In an era when people think it's okay to communicate in emoticons, it seems odd that several recent hit songs, including Adele's Hello and Drake's Hotline Bling, are all about talking on the phone. Maybe it's nostalgia, or maybe they've discovered anew that to have a conversation with someone, you really need to hear their voice.
Speaking on the phone also remains an important business tool – and one that's increasingly in short supply, according to Mary Jane Copps, who calls herself the Phone Lady.
Ms. Copps, 58, said that spending hours on the phone as a teenager taught her practical skills she was able to use in her work as a journalist, a manager, a researcher and a fundraiser. Today, "phone skills" involve your fingers, not your voice, which can be challenging when entering the work force.
"Business still happens on the phone and when I deal with graduating students, they might want to get into [an industry such as] financial services and they suddenly realize they have to talk to clients on the phone and they are not prepared," Ms. Copps said.
"This is terrifying for them, since many of them have never spoken on the phone and if they have, it's only to their mom," she added.
A lack of phone skills isn't merely a generational failing, Ms. Copps said. Many professionals in the workplace have been relying on e-mail as their primary communication tool for years, leaving their phone skills rusty. This can become problematic when companies decide that their employees are overwhelmed by e-mail and want them to get back to using the phone.
One such company is Felicity, a Toronto-based communications agency with 35 associates across Canada, the United States and the U.K. Amy Laski, president of Felicity, said having no physical offices can lead to an overreliance on e-mail. To combat this, her team has instituted a "just-call commitment." That means everyone picks up the phone and calls each other rather than engaging in lengthy e-mail conversations.

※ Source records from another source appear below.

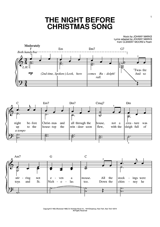 Digital Sheet Music for The Night Before Christmas Song by Gene Autry, Rosemary Clooney, Johnny Marks, Johnny Marks from Clement Moor scored for Easy Piano; id:375290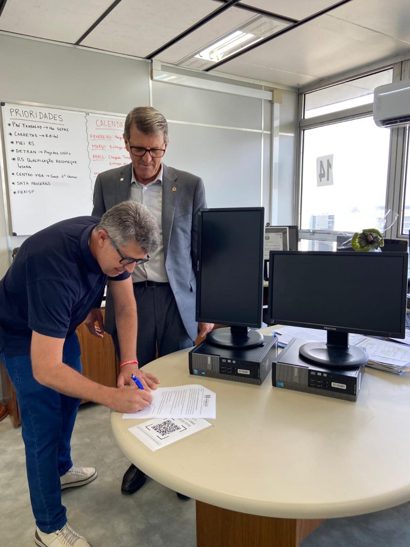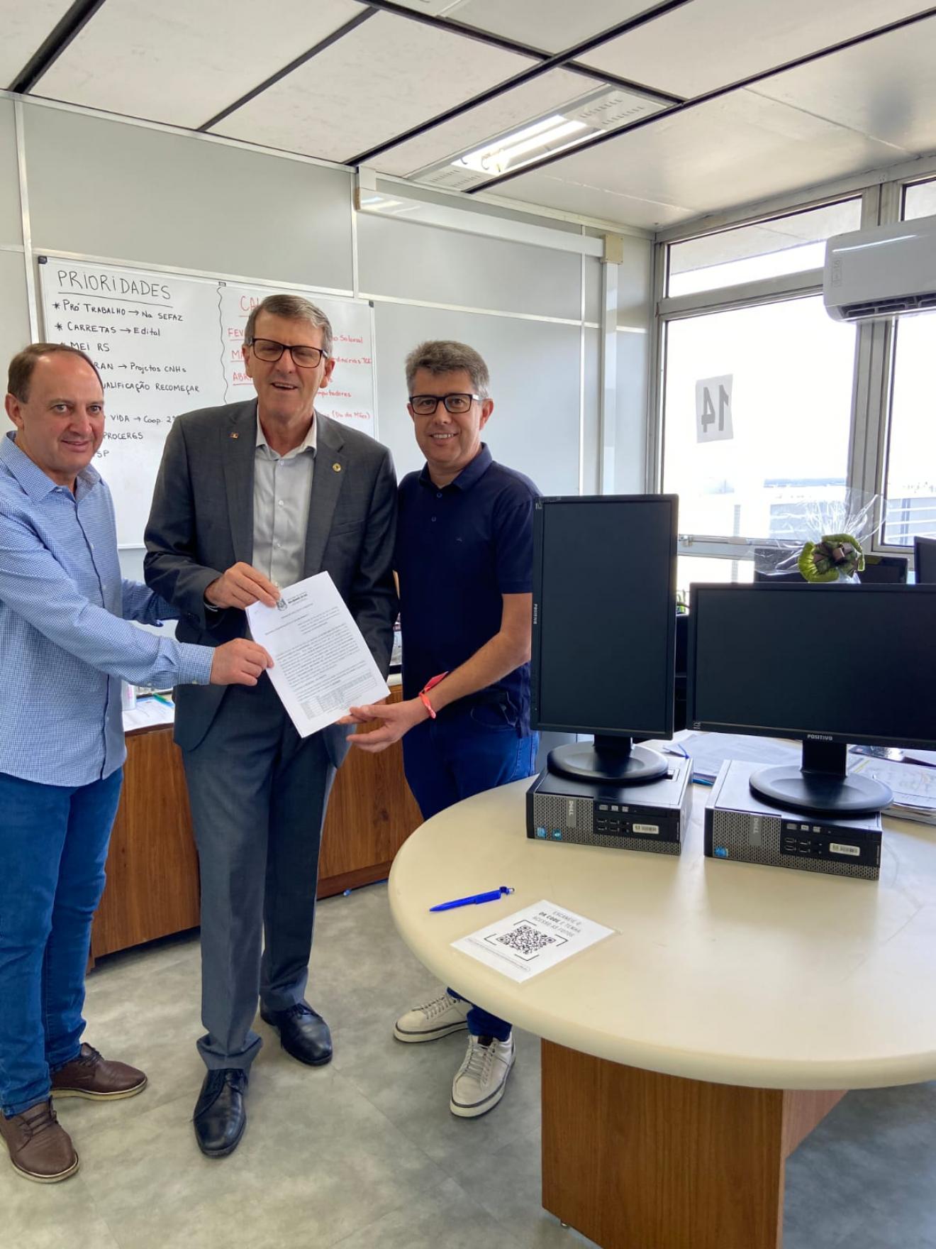 A doação dos equipamentos foi resultado de um compromisso assumido, anteriormente, quando o Prefeito, Claiton de Aguiar, e o Vice-Prefeito, Tiago Tomielo, estiveram em Porto Alegre em reunião com o Secretário Gilmar Sossella.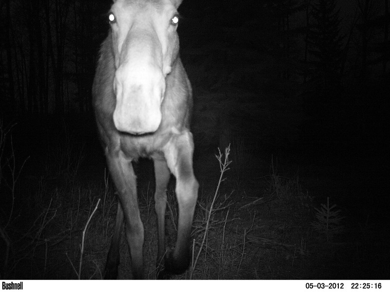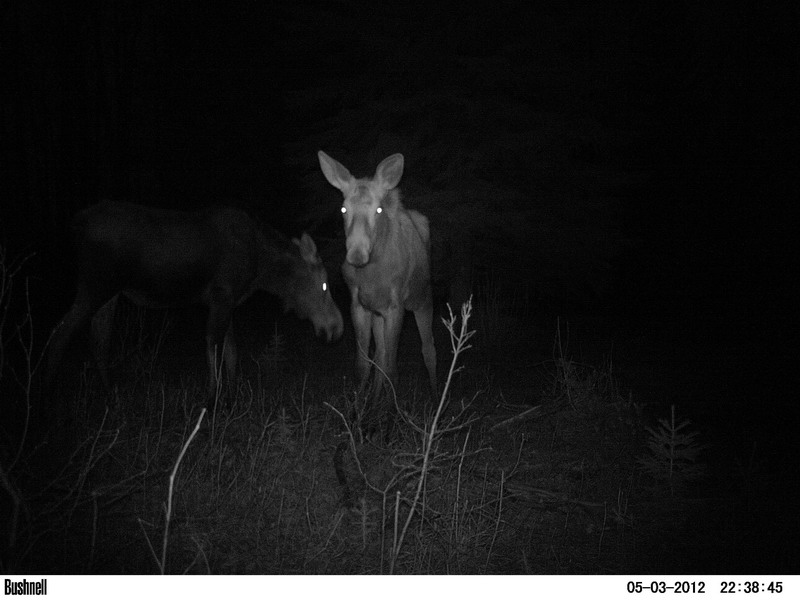 Vor lauter Norwegen und jetzt Honigarbeit bin ich nie dazu gekommen, euch noch ein paar der Bildchen zu zeigen, die die beiden Trail Cameras so hergeben. Bis auf kleine Woelfe und kleine Wapitis haben wir nun alles auch in jung gesehen. Es gibt auch noch eine Elchkuh mit nur einem Kalb. Und dann die Herrschaften, die einen eigenen Artikel bekommen.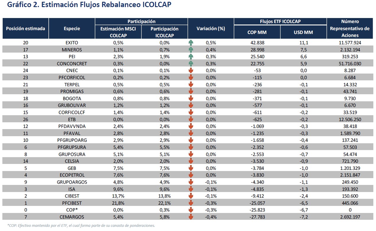 - Flujos de venta estimados: Los principales flujos de salida corresponderían a Cementos Argos y a las dos especies de Grupo Cibest (Pf y Ord), explicado la disminución en su ponderación de -0,4%, -0,3% y -0,1% respectivamente.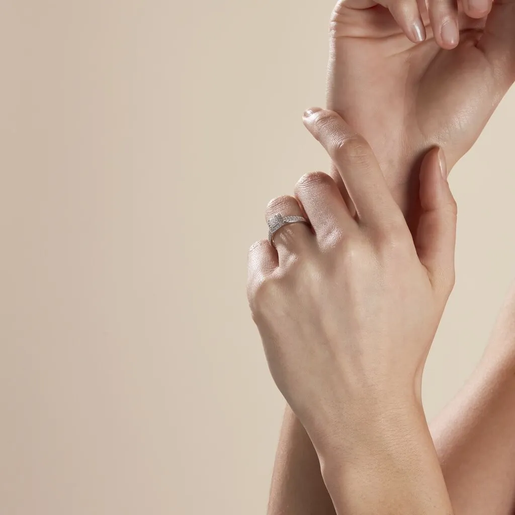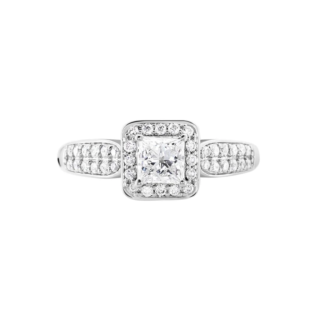 Solitaire Or Blanc 750/1000 Diamant Central Synthetique 0.50ct Taille Princesse Accompagne Diamants Synthetique Sertis Griffes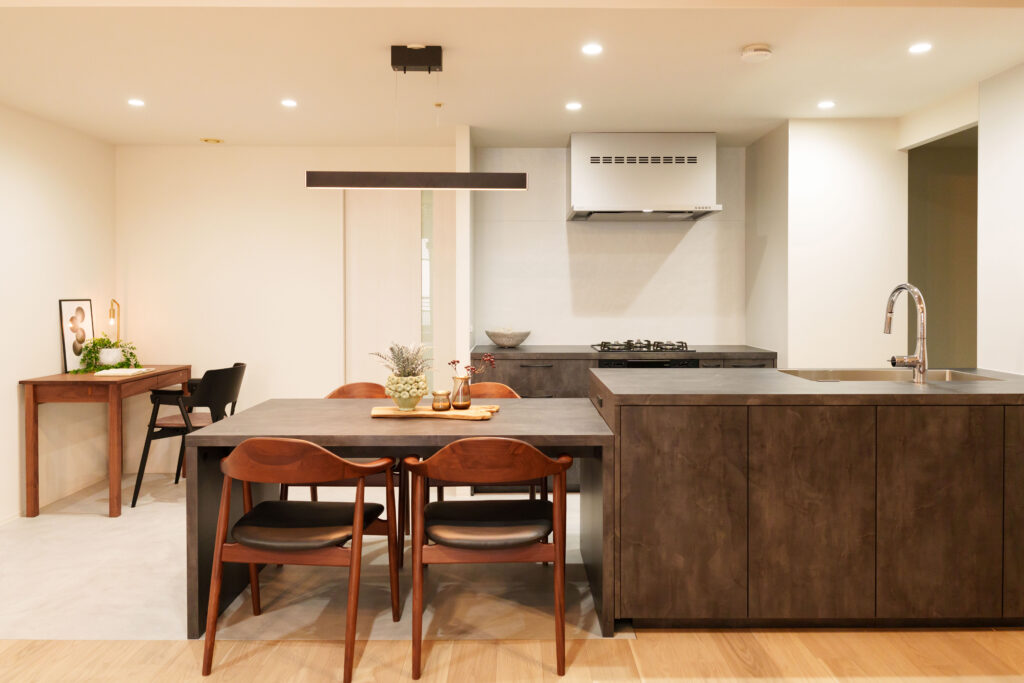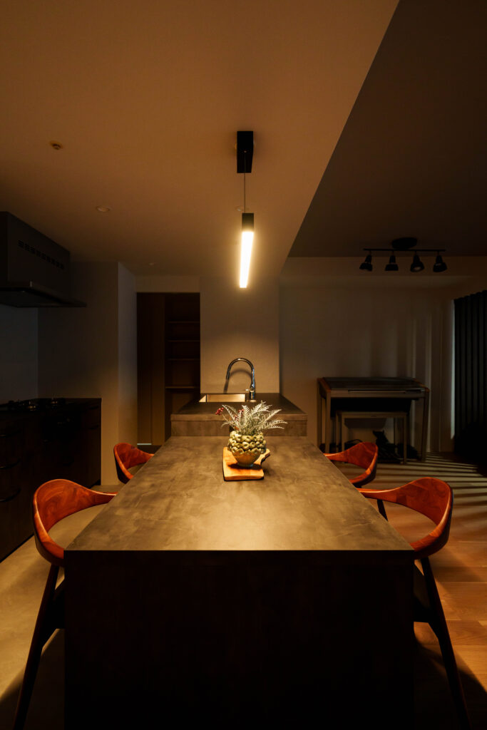 照明を落としたダイニング。陰影が空間に広がり落ち着いた雰囲気です。

"It sounds simplistic but it is a small thing that makes a big difference accomplishing in a two-minute phone call what would otherwise take several e-mail exchanges. While this helps in particular with internal e-mails, we also aim to do so with external communications as well," Ms. Laski said.

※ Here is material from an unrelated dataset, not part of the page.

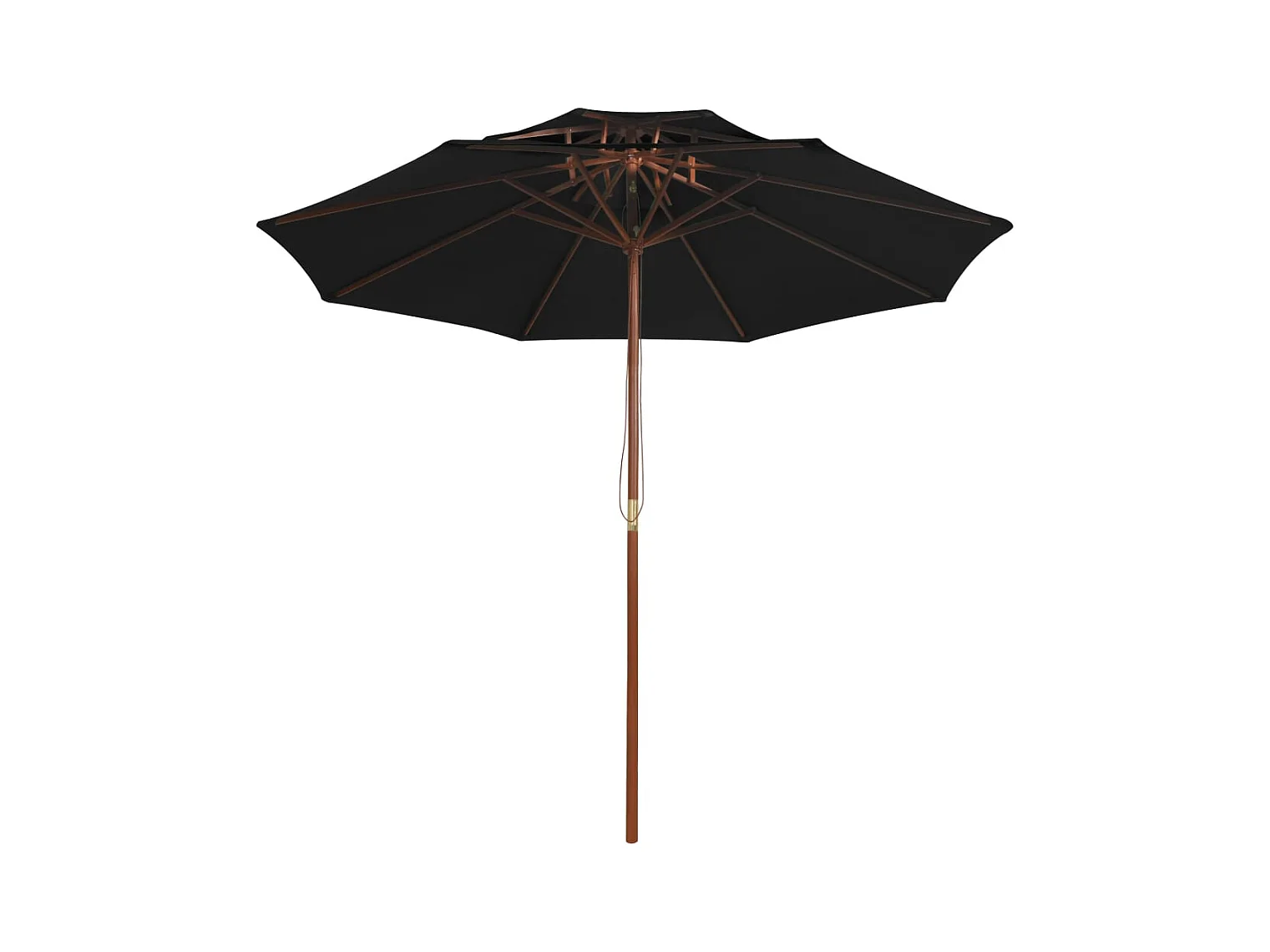 Parasol d'extérieur | Parasol de jardin avec mât en bois 350 cm Noir
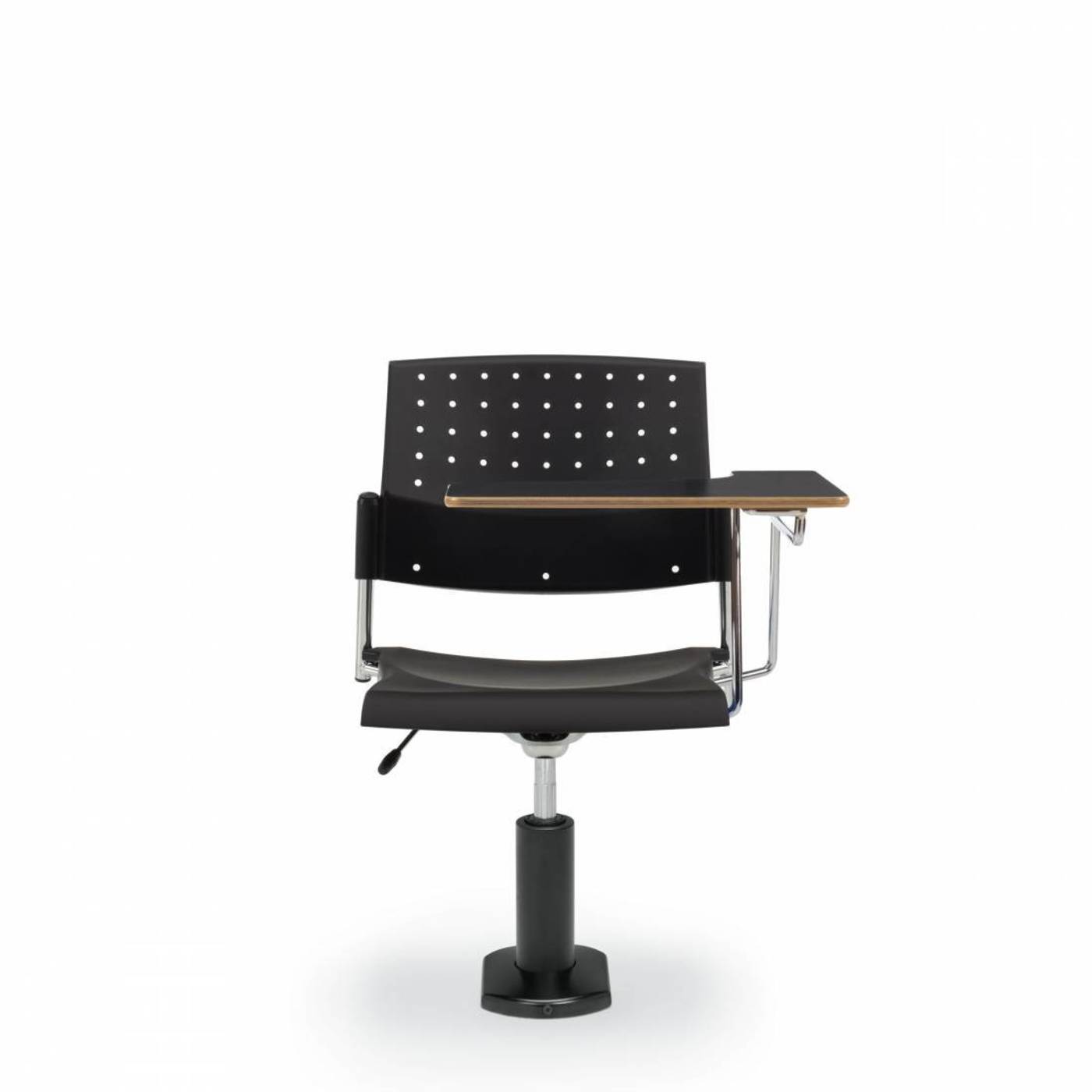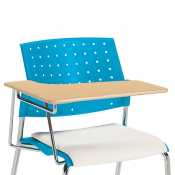 Tablet arm is extremely durable with a solid steel chrome frame and a black polymer surface. The core is hardwood veneer plywood with a clear lacquered edge. Overall tablet size is 18"D x 14.5"W. Can be ordered in a left hand or right hand arm (seated). Not available on stools.

Emphasizing phone calls takes some getting used to, admitted Ms. Laski, but she insisted the method works and saves the company time and money.
"It helps close business quicker because even IM [instant messaging] is not a true two-way conversation. There are subtleties that are captured in conversation that can't be gleaned in any other way. You can also convey your passion better," she said.

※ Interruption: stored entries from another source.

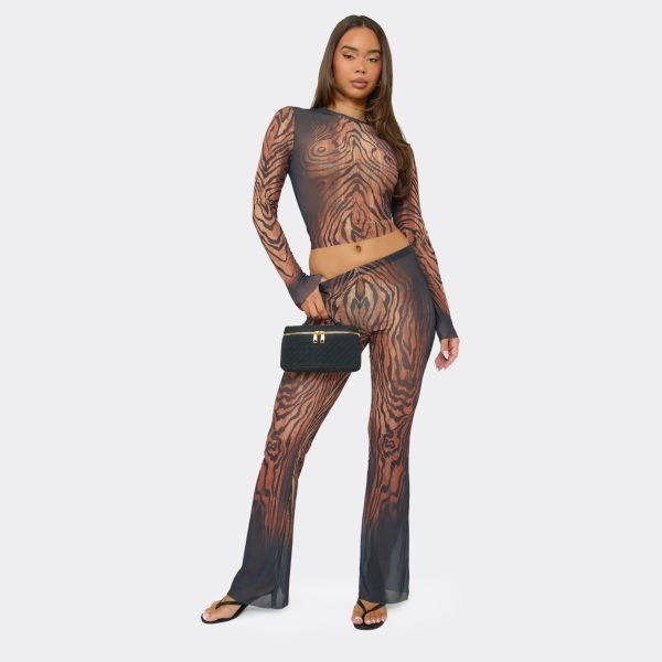 Multi-Print Long Sleeve Top And Flared Trouser Co-ord Set — the ultimate day-to-night outfit. Featuring a multi-print stretch material with a long-sleeve top and flared trouser. Perfect for heels or trainers for effortless, head-turning vibes.
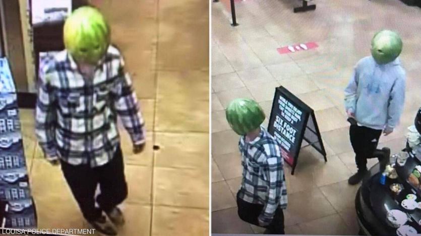لكن واقعة السرقة لا تبدو بتلك البساطة للوهلة الأولى، إذ ابتكر المتهمان طريقة غير مألوفة للتخفي وخداع كاميرات المراقبة، وارتديا ثمرتي بطيخ مجوفتين، فيما فتحا فيهما فتحات صغيرة للرؤية.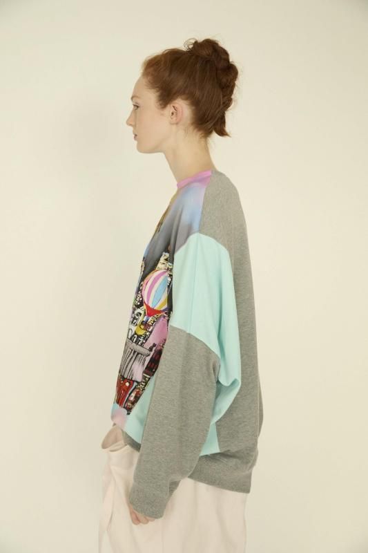 ミニ裏毛を使用したオーバーサイズトレーナー。丸みのあるシルエットがツモリチサトらしい1枚です。

That may be true, but for a lot of people, being on the receiving end of a phone call can feel like an invasion of privacy. Ms. Copps chalks that up to 50 years of telemarketing, when answering the phone at suppertime was often an exercise in frustration.
While business calls are "valid" reasons to reach out to people, it's the caller's responsibility to diffuse the receiver's defensiveness quickly, she said. That means avoiding opening lines such as "how are you doing today? Those questions jumpstart our telemarketing reflex and we immediately feel that we are about to be asked for our credit card number.
Another mistake is asking: "Is this a good time?"
"When we ask that question, it is almost as though we are saying 'I assume this is a bad time,' so you are setting yourself up to not have a conversation," Ms. Copps said. Rather than ask, she suggested paying attention to what's happening in the receiver's world when you call.
So how do you make a successful phone call? When you pick up the phone, Ms. Copps explained, the receiver has two questions: "What is this about?" and "What has it got to do with me?" To engage in a successful conversation, the caller needs to get right to the point, make it about the listener and ask open-ended questions.
Whatever you do, avoid phrases such as "I'm just calling," or "Try to call me back." That type of wishy-washy language merely says I hope you will call but I don't expect you to.
For those who are still reluctant to pick up the phone, remember there are still many people who prefer the sound of a human voice to a text or an e-mail.
Jane Ulrich, principal of Jane Ulrich & Associates and a business coach based in Peterborough, Ont., counts herself among them.
"I much prefer a phone call. People cannot always articulate what they are trying to say in a short message and can say it better if they just picked up the phone. It's in your hand anyway, right?"
So take the plunge and start using that function on your cellphone that actually makes calls. Perhaps – unlike the object of Adele's phone call – yours will pick up.